だがそれだけではないよ。 もし早くから悠森製作所に面接を受けていても 会長に難癖をつけられて 琴音は断られていたんだから 琴音が断ったあの会社、あの会社の面接の時が 前に辞めた人が悠森製作所に来ていたんだよ。 あの会社に行って 暫く日を置いたことが 今日に繋がっているんだよ。 でもそれは琴音の知るところではないな。 

「私、その貼り紙を見て来たんです」

「あら! そうなの? 言ってみるものね」 そう言って微笑む森川の笑窪がとても可愛く思えた。

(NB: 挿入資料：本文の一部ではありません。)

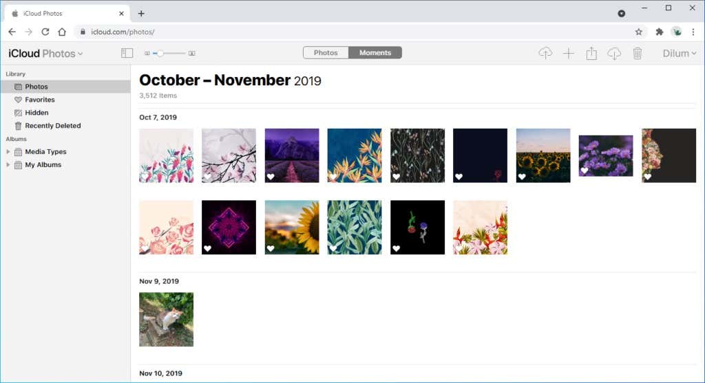 La aplicación web iCloud Photos te permite acceder a todas las fotos de las que has hecho una copia de seguridad con un iPhone o Mac . Tiene dos pestañas en la parte superior de la pantalla para cambiar entre los modos de visualización Fotos(Photos ) y Momentos . (Moments )El primero muestra imágenes en una lista continua, mientras que el segundo las desglosa por fecha y ubicación.

「そうだ思い出したわ。 織倉さん急に社長から電話があったでしょ。 採用って」

「はい。 1週間後って聞いてたんですけど 面接の日に電話がありました」

「それね、私が社長に言ったの」

「森川さんがですか?」

「そうなのよ。 織倉さんが帰ってから 社長と会長が採用しようって話をしてたのね これで織倉さんは採用決定なわけでしょ?」

「はい」

「だから会長が事務所を出て行ってから 社長に聞いたの。 いつ採用の返事するんですか? って」

「はい」

「そしたら1週間後って言うもんだから 1週間も連絡をしなかったら他の所へ行っちゃいますよ って言ったのよ」

「待ってるつもりではいましたが どうなっていたかは分かりませんよね」

「そうでしょ? そしたら社長がそれは困る。 って言ったから じゃあ、今すぐ連絡をしたらどうですか? って言ったのね そしたら何て言ったと思う?」

「うーん、何でしょうか?」

「すぐに電話をするのはこっちが恥ずかしいじゃないか3時ごろに電話をします。 だって。 何が恥ずかしいんでしょうね ふふふ」 また可愛い笑窪を見せて笑った。

琴音がここに来るには 森川のサポートがあってのことだが 琴音は全く気付いていない。 勿論森川もだ。